Eleven papers, all reporting clinical samples, did not identify a significant association between CM and TNF-a [30–33,38,56,57,61,62,67,68] (data shown in Table 4A). Dennison et al reported elevated levels of TNF-a in participants with schizophrenia and a history of CM compared to participants with schizophrenia with no history of CM, and controls (mean TNF-a 8.248pg/ml (SD = 0.601), 6.088pg/ml (SD = 0.465), and 3.614pg/ml (SD = 0.331) respectively, F = 11.41, df = 143, p<0.001), in an ANOVA which did not adjust for covariates [60]. Smith et al reported that TNF-a was associated with elevated TNF-a in a sample of 110 African-Americans with and without PTSD, in an analysis which adjusted for age, gender, education, substance use, mental health factors, but not BMI [59].

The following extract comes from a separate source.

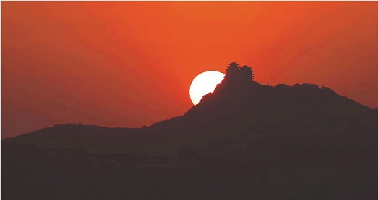 | 白日依山尽 楼旗尖,阅尽蓝天白云、滂沱暴雨、朝阳晚霞。然而,这张楼旗尖,与平常看到的照片有点不同。拍摄者运用黑色和红色的经典搭配,并利用剪影的效果,将日落时的楼旗尖衬托得非常大气。 拍摄者再饶有趣味地配上唐朝诗人王之涣的经典绝句“白日依山尽”作为题目,借古喻今,仿佛是一种穿越时空的交流,带我们共同领略祖国的大好河山。如果落日能再高一点,让楼旗尖完全映照在落日之下,这张照片将会更美。 本报签约摄影师 周学军摄 |

In non-clinical samples, two studies did not find a significant association between CM and TNF-a [45,66] (data shown in Table 4B). Hartwell et al in a study of 39 healthy adults in the USA, reported a significant association between the number of traumas on the ETI and elevated TNF-a in an analysis which adjusted for age, sex, and smoking status but not BMI [46]. This association was not statistically significant for any subscale of the ETI (including general trauma), and there was no statistically significant association of TNF-a with physical abuse, sexual abuse, or emotional abuse.

To summarise most studies did not find a significant association between CM and elevated TNF-a, and none of the studies reporting significant associations had adjusted for BMI.

Findings relating to other biomarkers

Details of papers relating to additional biomarkers and their main findings are shown in S2 Table. The most widely reported biomarkers were IL-1b (n = 8), IL-10 (n = 5), and fibrinogen (n = 4). Most papers did not demonstrate significant associations of CM with the biomarkers studied. The most consistent association was of CM with fibrinogen which was demonstrated in three papers [9,33,51].